A Pele do Espírito (versão antiga) escrita por uzubebel
– Desculpe, estou atrasada! – disse ao entrar em casa.
– Lorena? Venha cá – Dorothea me chamou.
Corri até a cozinha. A mesa estava atulhada de doces: biscoitos de castanhas, caveirinhas de açúcar, tortas de frutas, caramelo... O cheiro logo me embriagou.
Dorothea, uma viúva de cinqüenta anos pequena e com os cabelos grisalhos firmemente presos, estendeu-me um prato com um bocado de tudo e disse:
– Toma. Leva pros seus pais.
Agradeci-lhe. Saí da cozinha, depois da sala, passei pelo curto corredor e entrei no primeiro cômodo à esquerda. Era pequeno, limpo, sem móveis além de dois altares apoiados contra a parede branca. Sentei-me diante do mais à direita, ajeitando as flores sobre ele. Acendi dois incensos e seu cheiro encheu o quarto. Pus o prato de comida em cima do altar e apanhei a foto amarelada, de bordas chamuscadas, em seu topo.
– Mamãe, papai, eu trouxe doces – beijei o casal da foto – Dorothea sempre diz que vocês gostavam de doces. Só queria me lembrar disso... Feliz solstício de inverno.
– Mas onde você disse que foi mesmo? – Dorothea perguntou.
– Ahn... – eu não disse -, na praia – respondi.
Não pergunta qual praia, não pergunta qual praia...
– Que praia?
Calei-me.
– Lorena? – ela não ia deixar eu me safar.
– A Praia Velha...
Só tive tempo de ouvir a tigela cheia de doces em suas mão se espatifar de encontro ao piso. Pulei para trás, mas Dorothea estava imóvel e rígida como se esculpida em pedra.

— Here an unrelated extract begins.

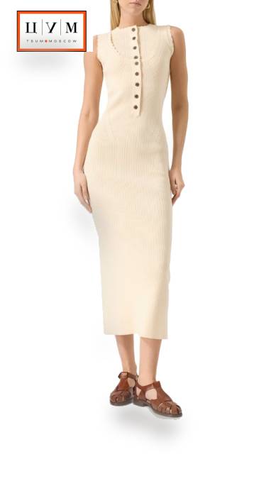 Миди-платье кажется надетым поверх парного топа благодаря вставкам над круглыми вырезами и разделенной планке с пуговицами. Модель с фестончатым кантом выполнили из ребристого смесового трикотажа на основе вискозы. Сзади на подоле – высокий разрез.

– O quê tem de mais? – perguntei, assustada – Nós moramos em uma ilha, há praias por todo lado, literalmente. O quê torna essa tão especial?
A praia velha não era bem vista por ninguém em toda a ilha de Jada mas, sempre que Dorothea falava dela, era mais que receio ou superstição, era pessoal...

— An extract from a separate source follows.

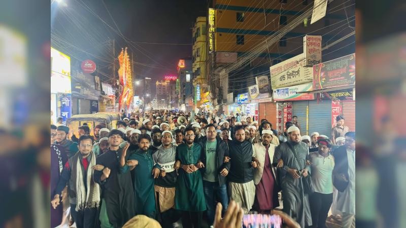 শুক্রবার (৬ ফেব্রুয়ারি) রাত সাড়ে ৮টার দিকে জেলা শহরের ঐতিহাসিক শহীদী মসজিদের সামনে থেকে বিক্ষোভ মিছিল শুরু হয়। মিছিলটি জেলা শহরের বিভিন্ন সড়ক প্রদক্ষিণ করে আখড়া বাজার চত্বরে গিয়ে শেষ হয়।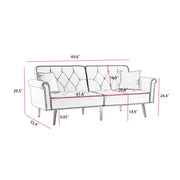 Velvet Tufted Sofa Couch With 2 Pillows And Nailhead Trim

Ela virou o pescoço na minha direção, e quase podia ouvi-lo ranger de tensão.
– Você podia ter enfurecido os espíritos – a ideia a fez tremer e executar um complexo gesto de afastar o mal – Me prometa que não vai se envolver com os espíritos, nunca! Me prometa.
– Eu...
– Prometa!
– Eu prometo.
A tensão em seus ombros se foi tão rapidamente, que achei que a velha senhora fosse desmontar diante de mim.
– Que bom... – suspirou.
Dorothea finalmente olhou para baixo e uma careta acentuou suas rugas.
– Quanto doce desperdiçado.
Damon já estava espreitando todo aquele açúcar com interesse demais, então eu o puxei para o meu colo e ele miou com indignação. Caiu no chão, você não pode me negar esse privilégio!, parecia dizer. Dorothea se abaixou para recolher os cacos, mas eu a interrompi.
– Esquece isso, eu limpo tudo – ofereci-me – Leva o resto dos doces pro festival.
Ela concordou e se foi, mas não sem antes separar um punhado das melhores guloseimas especialmente para mim.